My passion is business. Today I asked myself, what if I took away the capitalist aspect, the money element…would I still be interested in business? It is a hard question to answer. Profits and revenue are so closely linked to business because they are the main evaluation tools. The fuel that flames business passion is often the resultant monetary success. Even in not-for-profits, the impact made is often measured in dollars, so it’s near impossible to remove this aspect from business.
I used to get depressed when I went down this anti-materialistic driven lifestyle thought process because I was stuck. I enjoyed business but because it was so closely tied in to materialistic goals I couldn’t make it work philosophically, I didn’t know what to do. Lately though I’ve realised more and more it’s not wrong to want run business and make money and I know that running business, or at least being creative AND making profit as a result, is acceptable, but your goals and aspirations must be passion based, not money based.
I run a successful business. It’s at the point now that I used to be so worried that I would never make it to. I’m financially independent. I am not “rich” by any traditional monetary valuations but I am making a living running my own business. As I was told recently, this is no little achievement, many people would love to be where I am now, making a living on their own terms. The thing is I could do a lot more to hopefully make a lot more and everything in today’s society is telling me to chase the more as hard as I can. Every article I read tells me how to “create more profits” and “improve results and make more money”. The battle for more seems to never end.
As a result of all these thoughts and reading Tuesdays with Morrie again I’ve re-adjusted my motivations.
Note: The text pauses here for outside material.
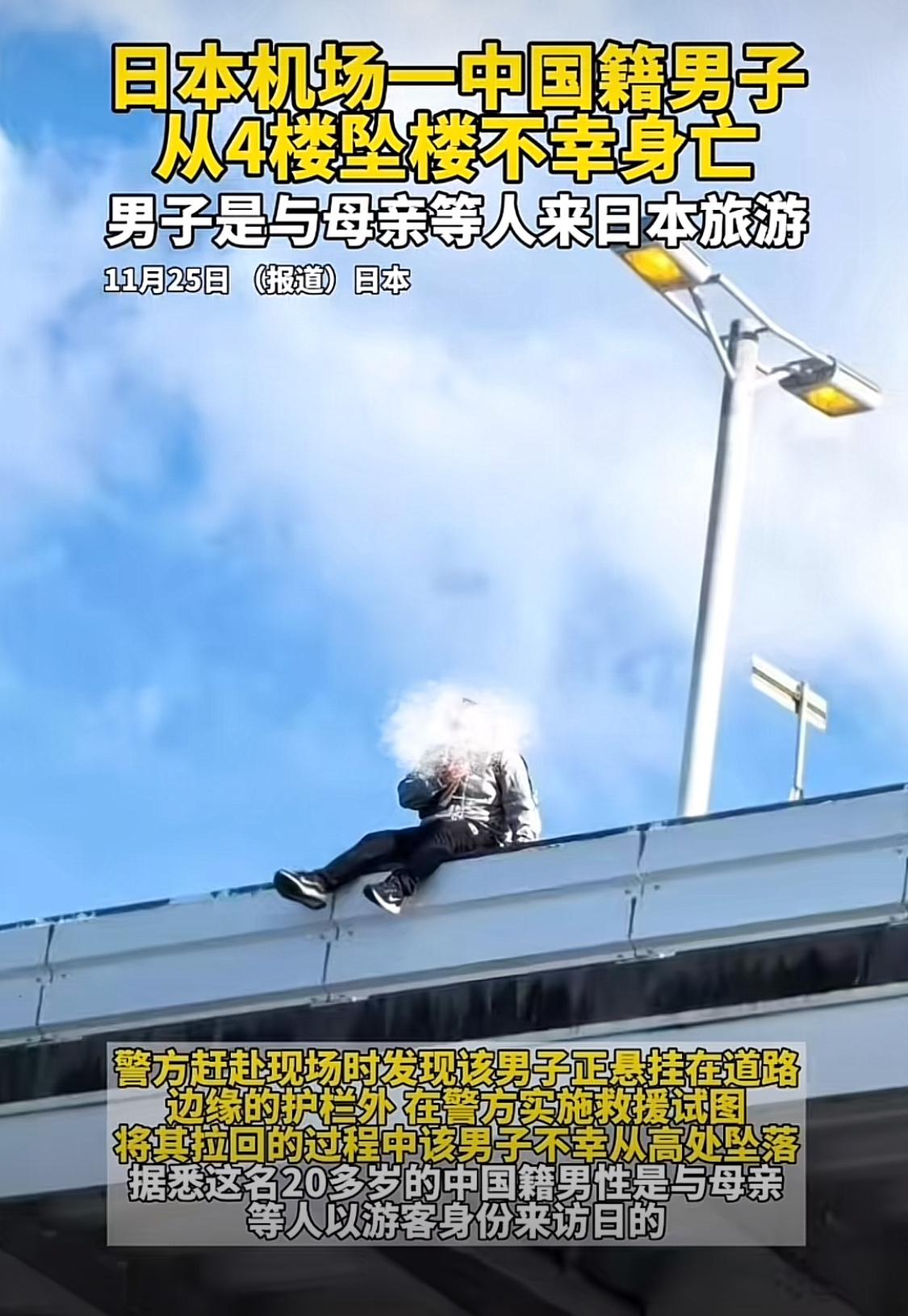 中国游客在日本机场坠亡,在这个时间节点,发生这样的事情,太蹊跷了! 从现场画面可以看到,事发前该男子坐在栏杆上,两名救援人员试图将他拉上来时,无奈双方体力不支,导致悲剧发生。 这要在平时,也就是一场意外事件。但在这个敏感时期,不免被冠以更多看法。 许多人都在评论,去哪里不好非要去日本。日本警察根本没有尽全力救人。下面怎么没有铺垫子。 大家的心情可以理解,但是事发突然,加上语言不通,确实很难做更多准备,大家还是理性一点。

What’s important to me now is indulging in the aspects of business that I love, regardless of whether that is the path to maximise my return. Some may call me stupid for not actively chasing opportunities as hard as I could. I may look back and curse my choices because I did not end up being the next young millionaire. I have a feeling that first million dollars might end up making me want another million and then another, and I’m tired of chasing unfulfilling dreams. I’d prefer to be happy today.